◆ **EXERCISE PROMPT**: Every entry that follows should be output exactly, and every image in it left out.

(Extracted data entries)
|---|

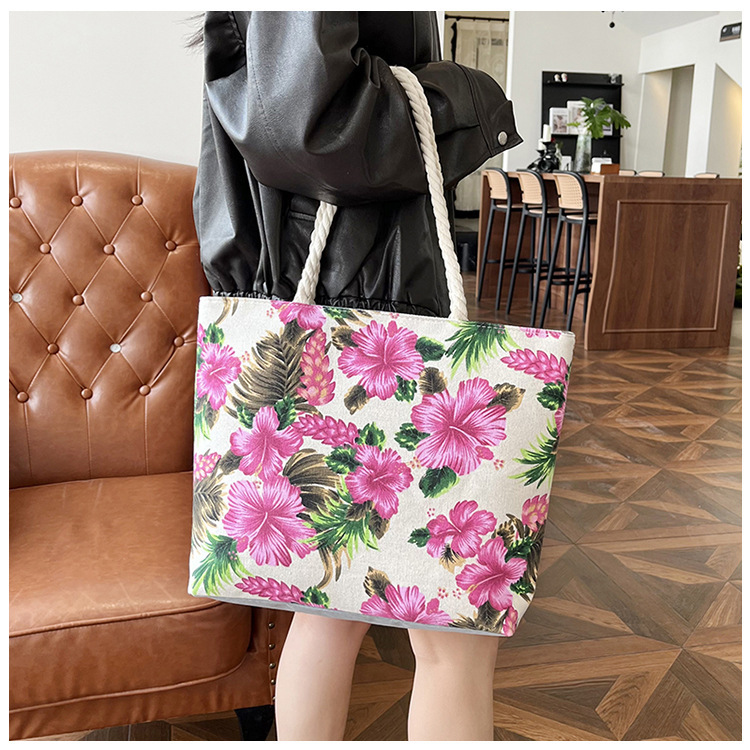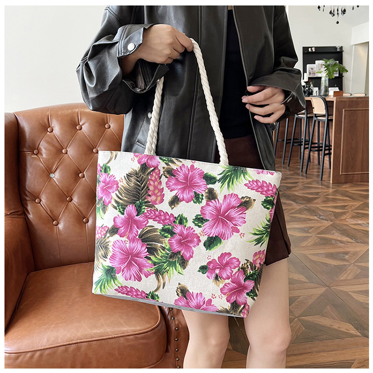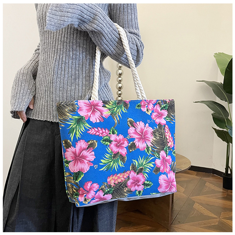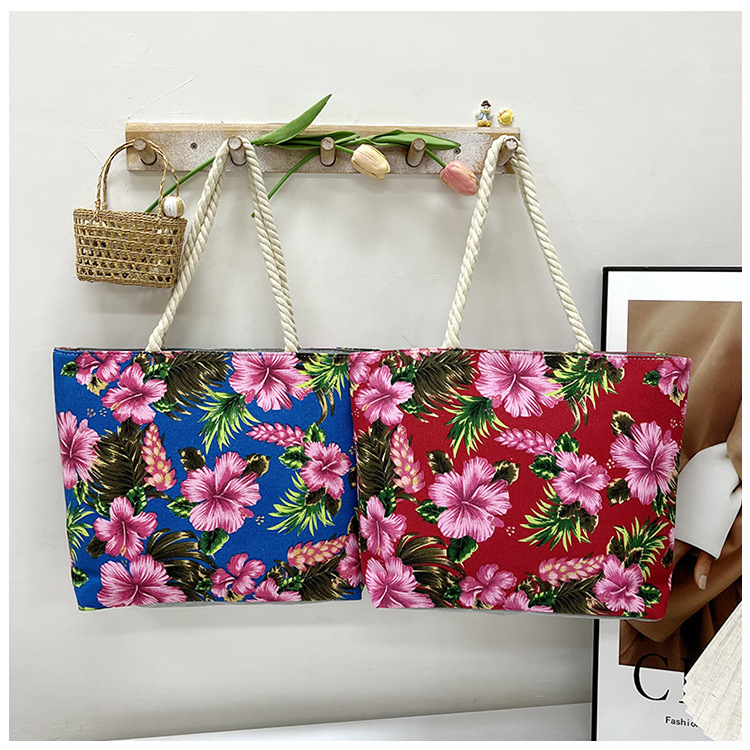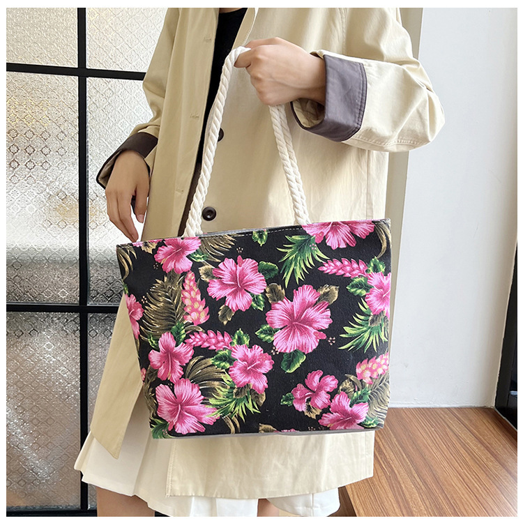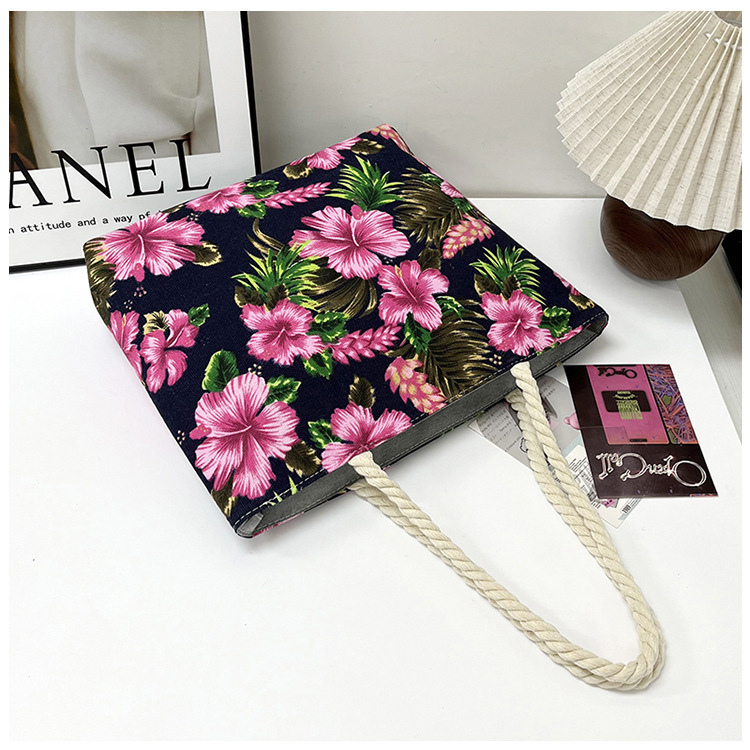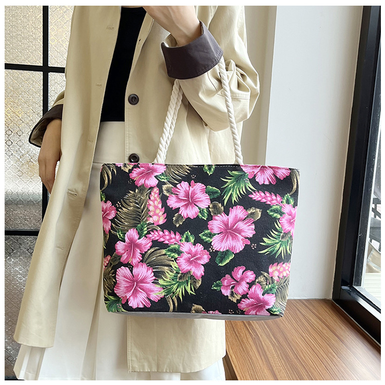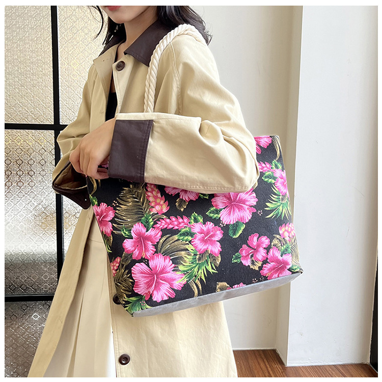 국경 새 토트 백 양면 인쇄 캔버스 가방 꽃 어깨 가방 여성 가방 민족 스타일 대용량 가방 도매스토어 가기
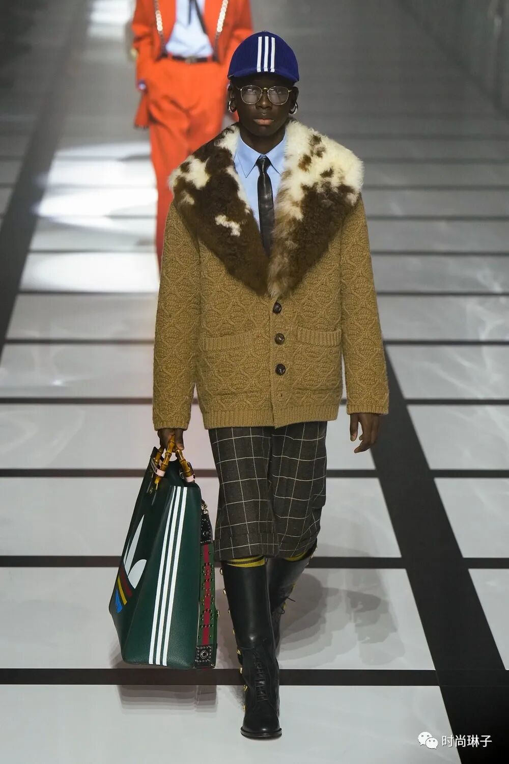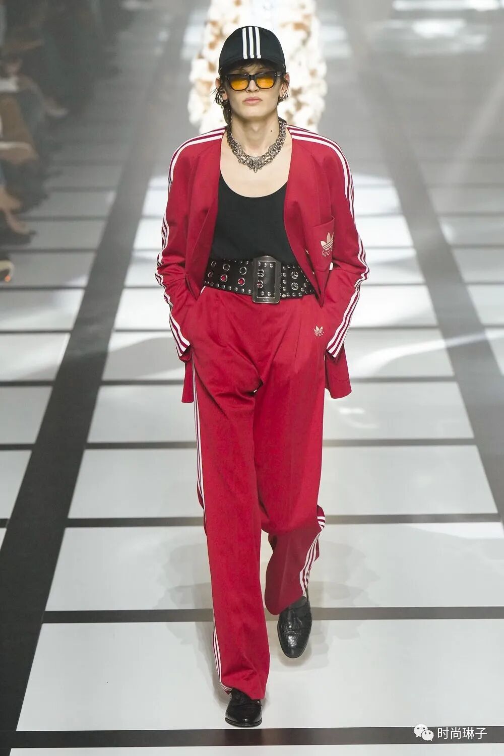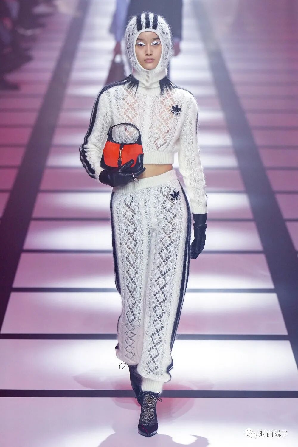 阿迪达斯标志性的三条纹除了出现在古驰上衣和裤装的侧缝上,还在搭配皮草大衣的高跟靴,现在流行的巴拉克拉法帽,以及手套等配饰上,打造出精致的休闲风系列。
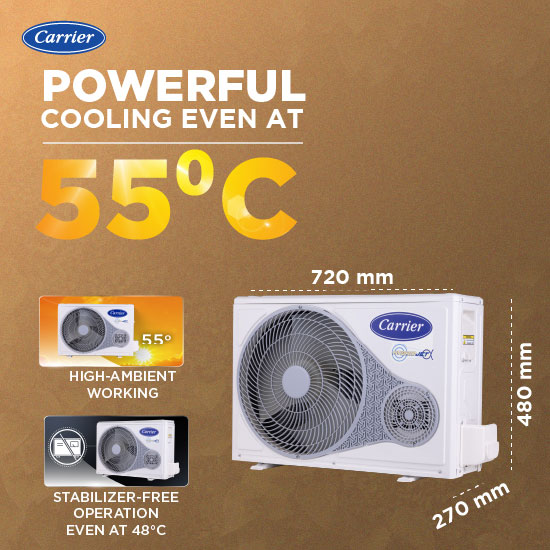 This AC is designed to keep you cool even in high temperatures like 55°C with High Ambient Working technology. With FlexiCool, it adjusts cooling levels to suit your needs while saving energy. The smart Auto Cleanser prevents dust and mold buildup, while the Hydro Blue Coating enhances durability and protects the coils from corrosion for long-lasting performance.
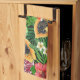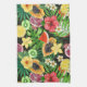 Tropical mix-fruit, flowers and leaves on black tea towel
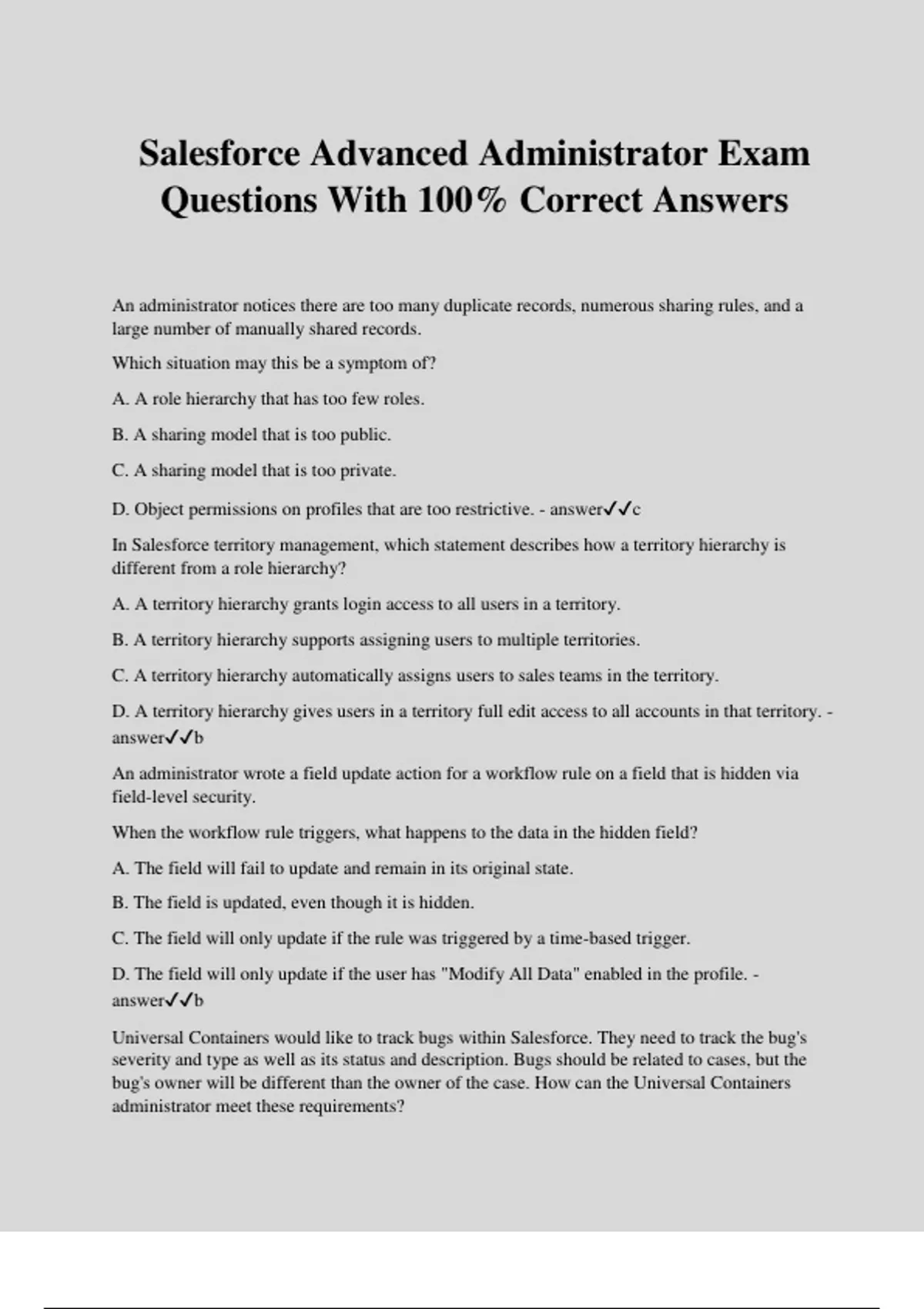 Salesforce Advanced Administrator Exam Questions With 100% Correct Answers An administrator notices there are too many duplicate records, numerous sharing rules, and a large number of manually shared records. Which situation may this be a symptom of? A. A role hierarchy that has too few roles. B. A sharing model that is too public. C. A sharing model that is too private. D. Object permissions on profiles that are too restrictive. - answerc In Salesforce territory management, which statement describes how a territory hierarchy is different from a role hierarchy? A. A territory hierarchy grants login access to all users in a territory. B. A territory hierarchy supports assigning users to multiple territories. C. A territory hierarchy automatically assigns users to sales teams in the territory. D. A territory hierarchy gives users in a territory full edit access to all accounts in that territory. - answerb An administrator wrote a field update action for a workflow rule on a field that is hidden via field-level security. When the workflow rule triggers, what happens to the data in the hidden field? A. The field will fail to update and remain in its original state. B. The field is updated, even though it is hidden. C. The field will only update if the rule was triggered by a time-based trigger. D. The field will only update if the user has "Modify All Data" enabled in the profile. - answerb Universal Containers would like to track bugs within Salesforce. They need to track the bug's severity and type as well as its status and description. Bugs should be related to cases, but the bug's owner will be different than the owner of the case. How can the Universal Containers administrator meet these requirements? A. Create a section on the case page layout. B. Create a field on cases. C. Create a custom object for bugs and relate it to cases. D. Create a relationship between the standard bug object and the standard case object. - answerc Universal Containers currently uses the standard Salesforce CRM product and pricebook objects. Is it possible for Universal Containers to publish product and pricebook information to its corporate website so customers in different regions see the correct product catalog with prices in the local currency? A. Yes, with the Customer Portal. B. No, it is not possible to present multicurrency data. C. Yes, by building a custom integration following the X-to-Web design pattern. D. No, it is not possible to present data stored in standard objects other than cases and solutions to a website. - answerc What is the F Web Services API? - answerset of application functions that can be programatically invoked over the internet The Web Services API is designed around the latest standards, including which three ? . - answerSOAP, WSDL and WS-I Basic Profile Name three platforms (technologies) to which the F API is available. - answerJava, .NET, Perl The Web Services API allows the administrator to mass delete more than 250 records at a time. - answerTrue The Web Services API allows the administrator to perform mass updates to records to clean up duplicate data - answerTrue The Web Services API allows the administrator to perform incremental backups of the data with the APIs data replication methods. - answerTrue Which Salesforce tools use the F API? - answerApex Data Loader, Connect for Microsoft Office, Salesforce for Outlook, Offline Edition What are the most commonly used Web Services API calls? Hint: QURDUCU - answerQuery, Update, Retrieve, Delete, Upsert, Create, Undelete What does the Query API call do? - answerExecutes a query against the specified object (SOQL). What does the Retrieve API Call do? - answerRetrieves one or more objects based on the specified object IDs. What does the Create API Call do? - answerAdds one or more new individual records to your organization's data. What does the Update API Call do? - answerUpdates one or more existing records in your organization's data. What does the Upsert API Call do? - answerPerforms a create or an update of an object based on match of an ID field. What does the Delete API Call do? - answerDeletes one or more individual objects from your organization's data. What does the Undelete API Call do? - answerUndeletes eligible records from the recycle bin. What are the capabilities of the F Metadata API? - answerAdd data to Salesforce orgs, delete standard fields on custom objects, and create, update, and delete custom objects and fields programmatically. What is the most common use of the F Metadata API? - answerTo migrate changes from a sandbox or testing organization to a production environment. Which three method calls does the F Metadata API support? - answerQuery, Create, Upsert What are the two easiest ways to access the F Metadata API? - answerIDE, Migration Tool Which tool does the IDE use? - answerEclipse Which tool does the Migration Tool use? - answerAnt What are the capabilities of Salesforce Connect for MS Office? - answerExcel Add-in delivers salesforce reports into Excel. Word Add-in allows you to insert Salesforce merge fields into a Word mail merge template What are the capabilities of Salesforce Connect for Lotus Notes? - answerAdd-in that provides similar functionality to the MS add-ins What are the capabilities of Salesforce Connect Offline? - answerClient application

|---|

◆ **TASK RESULT**:
 국경 새 토트 백 양면 인쇄 캔버스 가방 꽃 어깨 가방 여성 가방 민족 스타일 대용량 가방 도매스토어 가기
 阿迪达斯标志性的三条纹除了出现在古驰上衣和裤装的侧缝上,还在搭配皮草大衣的高跟靴,现在流行的巴拉克拉法帽,以及手套等配饰上,打造出精致的休闲风系列。
 This AC is designed to keep you cool even in high temperatures like 55°C with High Ambient Working technology. With FlexiCool, it adjusts cooling levels to suit your needs while saving energy. The smart Auto Cleanser prevents dust and mold buildup, while the Hydro Blue Coating enhances durability and protects the coils from corrosion for long-lasting performance.
 Tropical mix-fruit, flowers and leaves on black tea towel
 Salesforce Advanced Administrator Exam Questions With 100% Correct Answers An administrator notices there are too many duplicate records, numerous sharing rules, and a large number of manually shared records. Which situation may this be a symptom of? A. A role hierarchy that has too few roles. B. A sharing model that is too public. C. A sharing model that is too private. D. Object permissions on profiles that are too restrictive. - answerc In Salesforce territory management, which statement describes how a territory hierarchy is different from a role hierarchy? A. A territory hierarchy grants login access to all users in a territory. B. A territory hierarchy supports assigning users to multiple territories. C. A territory hierarchy automatically assigns users to sales teams in the territory. D. A territory hierarchy gives users in a territory full edit access to all accounts in that territory. - answerb An administrator wrote a field update action for a workflow rule on a field that is hidden via field-level security. When the workflow rule triggers, what happens to the data in the hidden field? A. The field will fail to update and remain in its original state. B. The field is updated, even though it is hidden. C. The field will only update if the rule was triggered by a time-based trigger. D. The field will only update if the user has "Modify All Data" enabled in the profile. - answerb Universal Containers would like to track bugs within Salesforce. They need to track the bug's severity and type as well as its status and description. Bugs should be related to cases, but the bug's owner will be different than the owner of the case. How can the Universal Containers administrator meet these requirements? A. Create a section on the case page layout. B. Create a field on cases. C. Create a custom object for bugs and relate it to cases. D. Create a relationship between the standard bug object and the standard case object. - answerc Universal Containers currently uses the standard Salesforce CRM product and pricebook objects. Is it possible for Universal Containers to publish product and pricebook information to its corporate website so customers in different regions see the correct product catalog with prices in the local currency? A. Yes, with the Customer Portal. B. No, it is not possible to present multicurrency data. C. Yes, by building a custom integration following the X-to-Web design pattern. D. No, it is not possible to present data stored in standard objects other than cases and solutions to a website. - answerc What is the F Web Services API? - answerset of application functions that can be programatically invoked over the internet The Web Services API is designed around the latest standards, including which three ? . - answerSOAP, WSDL and WS-I Basic Profile Name three platforms (technologies) to which the F API is available. - answerJava, .NET, Perl The Web Services API allows the administrator to mass delete more than 250 records at a time. - answerTrue The Web Services API allows the administrator to perform mass updates to records to clean up duplicate data - answerTrue The Web Services API allows the administrator to perform incremental backups of the data with the APIs data replication methods. - answerTrue Which Salesforce tools use the F API? - answerApex Data Loader, Connect for Microsoft Office, Salesforce for Outlook, Offline Edition What are the most commonly used Web Services API calls? Hint: QURDUCU - answerQuery, Update, Retrieve, Delete, Upsert, Create, Undelete What does the Query API call do? - answerExecutes a query against the specified object (SOQL). What does the Retrieve API Call do? - answerRetrieves one or more objects based on the specified object IDs. What does the Create API Call do? - answerAdds one or more new individual records to your organization's data. What does the Update API Call do? - answerUpdates one or more existing records in your organization's data. What does the Upsert API Call do? - answerPerforms a create or an update of an object based on match of an ID field. What does the Delete API Call do? - answerDeletes one or more individual objects from your organization's data. What does the Undelete API Call do? - answerUndeletes eligible records from the recycle bin. What are the capabilities of the F Metadata API? - answerAdd data to Salesforce orgs, delete standard fields on custom objects, and create, update, and delete custom objects and fields programmatically. What is the most common use of the F Metadata API? - answerTo migrate changes from a sandbox or testing organization to a production environment. Which three method calls does the F Metadata API support? - answerQuery, Create, Upsert What are the two easiest ways to access the F Metadata API? - answerIDE, Migration Tool Which tool does the IDE use? - answerEclipse Which tool does the Migration Tool use? - answerAnt What are the capabilities of Salesforce Connect for MS Office? - answerExcel Add-in delivers salesforce reports into Excel. Word Add-in allows you to insert Salesforce merge fields into a Word mail merge template What are the capabilities of Salesforce Connect for Lotus Notes? - answerAdd-in that provides similar functionality to the MS add-ins What are the capabilities of Salesforce Connect Offline? - answerClient application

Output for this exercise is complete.